#### Assignment
Reproduce the records word for word, leaving out any pictures they hold.

#### Records for this exercise
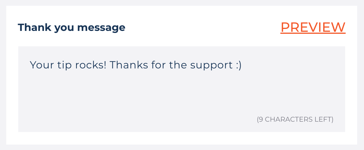• personalise the pre-tip and post-tip messages your tippers will see,
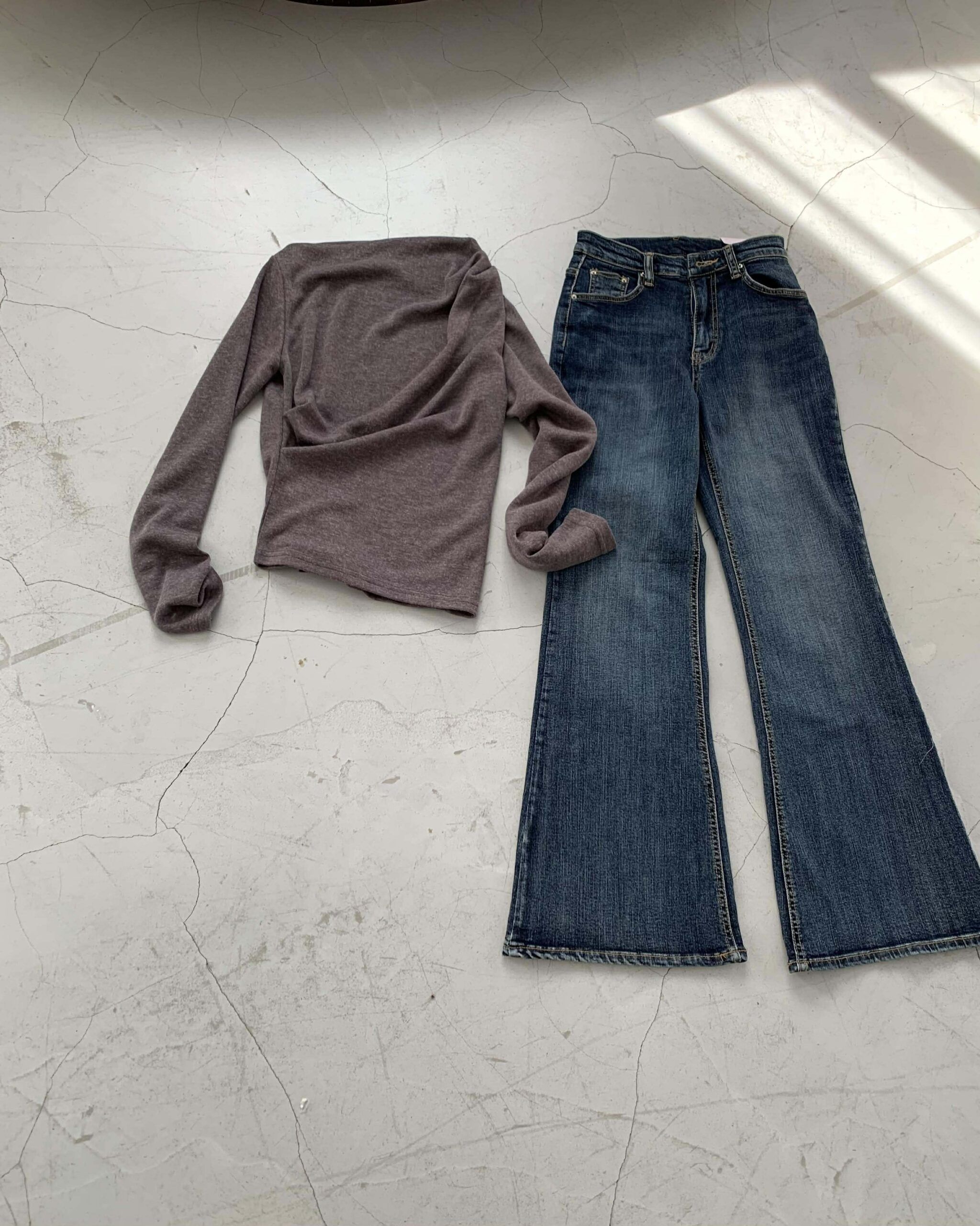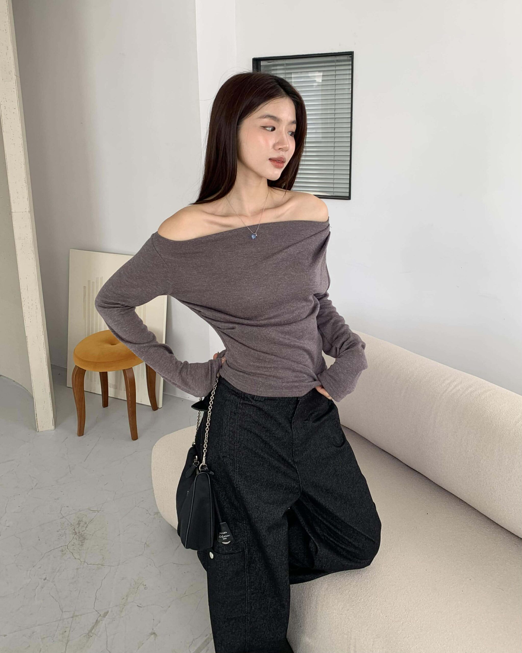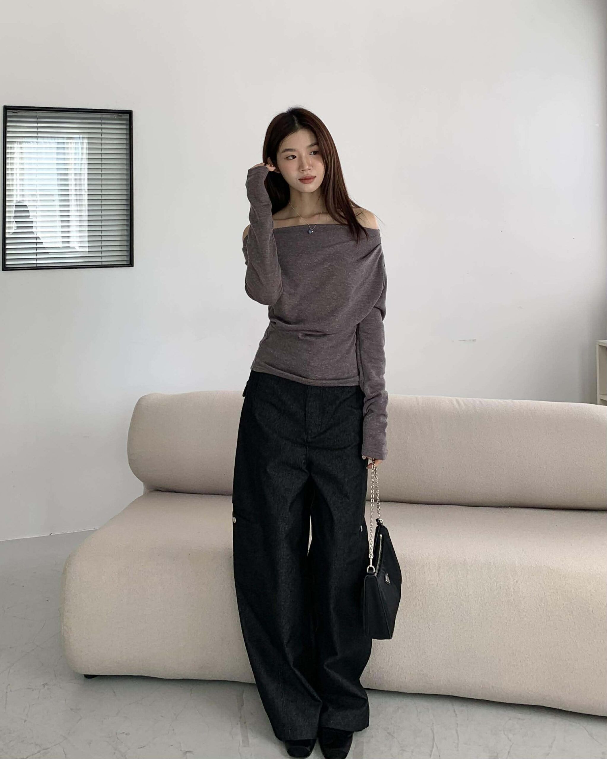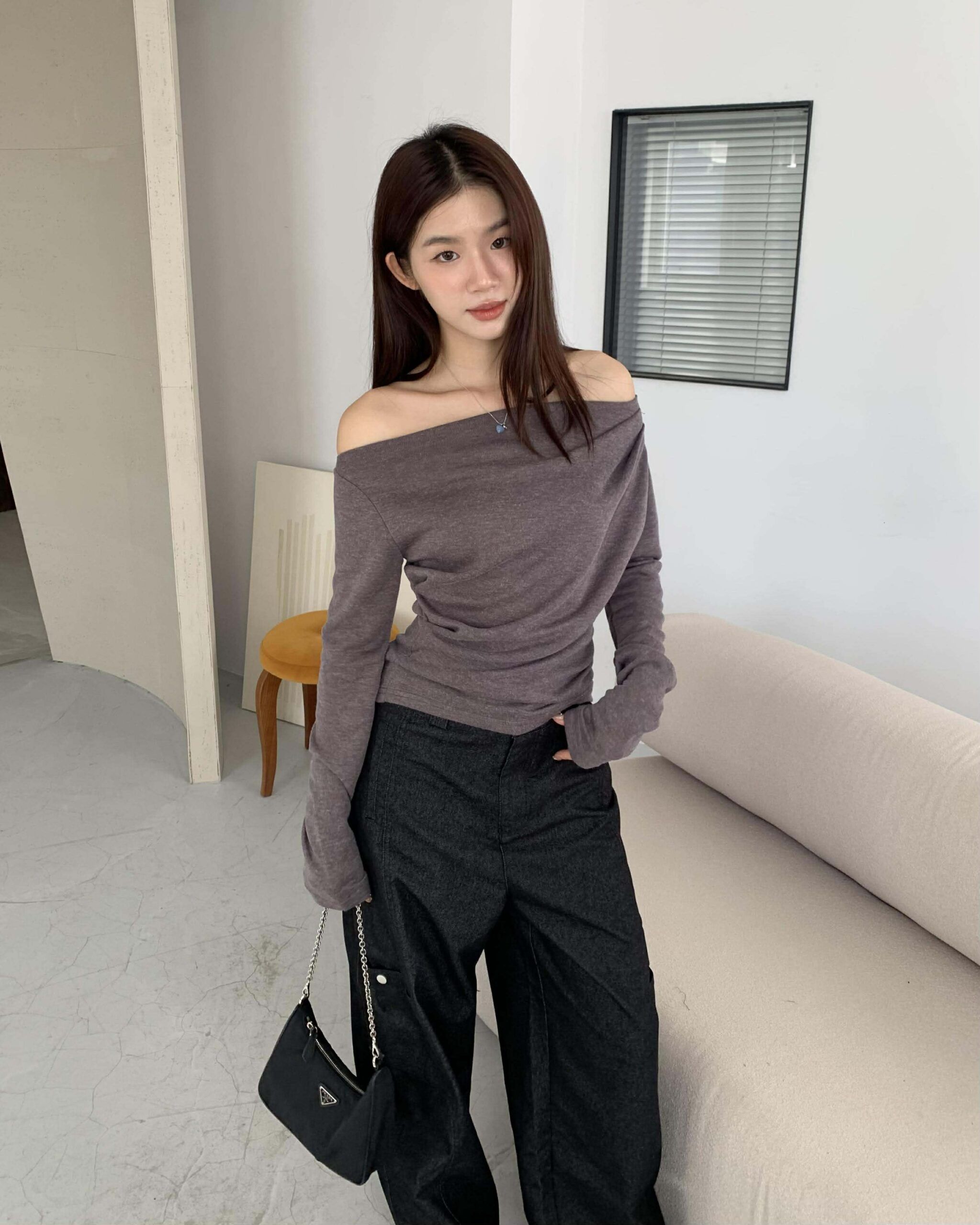 歐膩質感抓皺斜肩上衣 (摩卡)
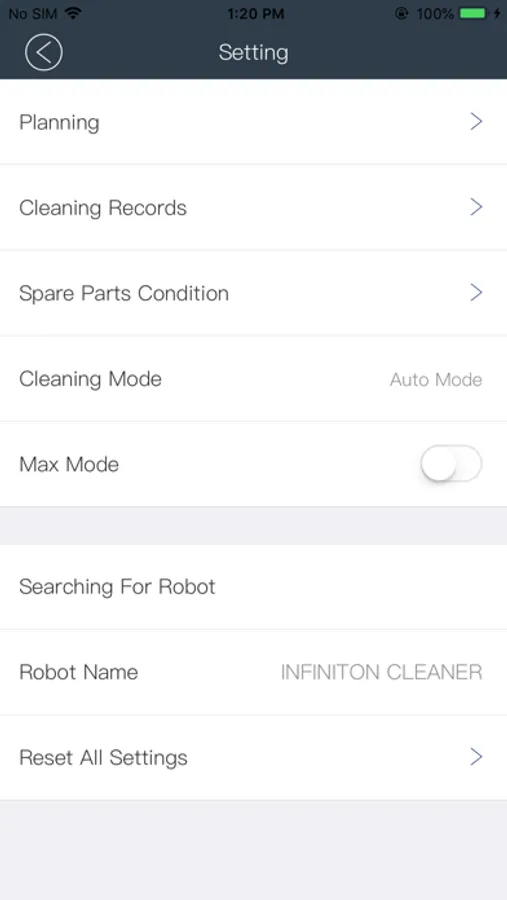 Esta aplicación permite controlar el robot de limpieza Infiniton Cleaner 1080
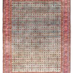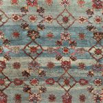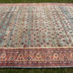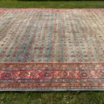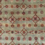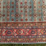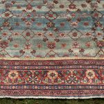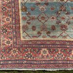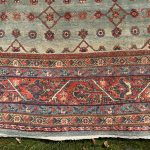 Green is one of the rarest dyes in antique carpets, as this was expensive to produce and a sacred colour, rarely do we come across examples such as this with so much green and pale blues, changing from light greens up to deeper shades of turquoise tones. The changes in the dye we can see, are due to different batches of wool being used, these wonderful variations add so much depth to an antique carpet, known as abrash, we can also see subtle changes to the soft red border.
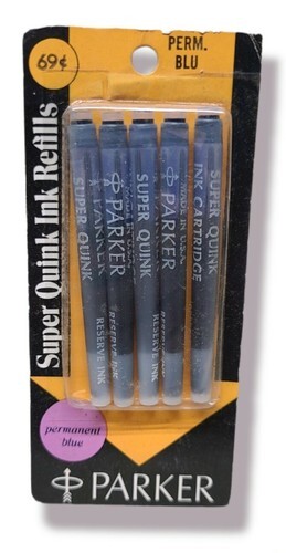 Parker PERMANENT BLUE Super Quink Ink Cartridge Refill - vintage nos
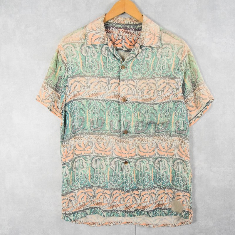 60〜70's 総柄 レーヨン混 アロハシャツ [138088]
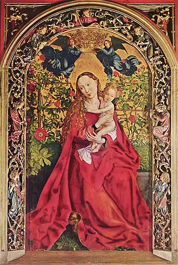 Німецький живописець і графік[4] Мартін Шонгаеур створив «Мадонну в альтанці з троянд» в 1473 році спеціально для церкви Святого Мартіна в місті Кольмаре на території Франції. На ній зображена Діва Марія, одягнена в червоне, разом з немовлям Христом, якого вона тримає на своїх руках. Вони знаходяться в альтанці, і їх оточують троянди. Ангели, одягнені в блакитне, тримають над головою Мадонни корону[2]. Її голова трохи нахилена в сторону[5]. У картини є золотистий фон[2]. Ймовірно, в творі присутні алюзії на біблійний «замкнений сад»[6]. Альтанка з троянд на картині Шонгаеура символізує рай[4].
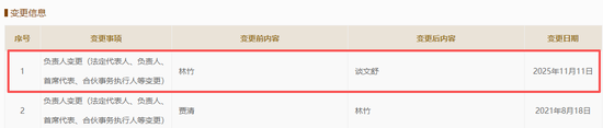 红星资本局查询国家企业信用信息公示系统发现,11月11日,公司负责人信息(法定代表人、负责人、首席代表、合伙事务执行人等)已由“林竹”变更为“谈文舒”。

#### Answer
• personalise the pre-tip and post-tip messages your tippers will see,
 歐膩質感抓皺斜肩上衣 (摩卡)
 Esta aplicación permite controlar el robot de limpieza Infiniton Cleaner 1080
 Green is one of the rarest dyes in antique carpets, as this was expensive to produce and a sacred colour, rarely do we come across examples such as this with so much green and pale blues, changing from light greens up to deeper shades of turquoise tones. The changes in the dye we can see, are due to different batches of wool being used, these wonderful variations add so much depth to an antique carpet, known as abrash, we can also see subtle changes to the soft red border.
 Parker PERMANENT BLUE Super Quink Ink Cartridge Refill - vintage nos
 60〜70's 総柄 レーヨン混 アロハシャツ [138088]
 Німецький живописець і графік[4] Мартін Шонгаеур створив «Мадонну в альтанці з троянд» в 1473 році спеціально для церкви Святого Мартіна в місті Кольмаре на території Франції. На ній зображена Діва Марія, одягнена в червоне, разом з немовлям Христом, якого вона тримає на своїх руках. Вони знаходяться в альтанці, і їх оточують троянди. Ангели, одягнені в блакитне, тримають над головою Мадонни корону[2]. Її голова трохи нахилена в сторону[5]. У картини є золотистий фон[2]. Ймовірно, в творі присутні алюзії на біблійний «замкнений сад»[6]. Альтанка з троянд на картині Шонгаеура символізує рай[4].
 红星资本局查询国家企业信用信息公示系统发现,11月11日,公司负责人信息(法定代表人、负责人、首席代表、合伙事务执行人等)已由“林竹”变更为“谈文舒”。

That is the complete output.